You may find that you still have to compress the disks, though perhaps not
as frequently.  If you can afford a spare disk, you can avoid taking the
whole cluster down.  (Considering typical salaries, it doesn't take much
down time to cost as much as an extra disk!)  With a spare disk, you can do
a disk-to-disk backup (and compress) of one disk at a time.  Only those users
who use that particular disk are unable to use the system during the backup,
which is simple and doesn't take long (an hour and a half at most).  That's
what we do here; I got the idea from the system manager of a large cluster at
DEC.

Note that you should be sure to avoid references to particular physical disk
drives; any given volume will migrate around from drive to drive as backups
are done.  This is exactly what concealed device names are for!

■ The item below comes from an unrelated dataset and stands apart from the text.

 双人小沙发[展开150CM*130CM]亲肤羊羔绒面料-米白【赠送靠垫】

You can minimize inconvenience by not putting users' default directories
on the same disk with those large simulation files.  Since it will be the
latter disks that need most frequent compression, users would still be able
to log in - they might just not be able to run some programs.  (In any case,
this is part of the policy of separating disks with "permanent" files from
those with "temporary" ones where possible.)

For this policy to be effective, you shouldn't have to compress the system
disk, as that DOES require taking the whole cluster down.  This means that
you should have no active file creation/deletion on the system disk - just
system files.  That's a good idea anyway.

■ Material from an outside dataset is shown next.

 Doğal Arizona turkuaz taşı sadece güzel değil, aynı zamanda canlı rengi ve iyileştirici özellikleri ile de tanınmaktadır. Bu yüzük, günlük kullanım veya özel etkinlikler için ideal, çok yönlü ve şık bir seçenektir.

Also, you won't be able to do this if you use volume sets; you'd need as many
free spindles are you have disks in the largest volume set.  This is one
aspect of the most serious liability of volume sets - you have to back up
whole sets at once.
							-- Jerry
-------

carl@CITHEX.CALTECH.EDU.UUCP (12/07/86)

The single parameter with the greatest impact on disk fragmentation is the
disk's storage cluster factor.  If you've got mainly applications that generate
LARGE files, the default cluster factor of 3 (or for uVMS, 1) is simply too
small.  Try reinitializing your disks with a larger cluster factor next time
you do the compression.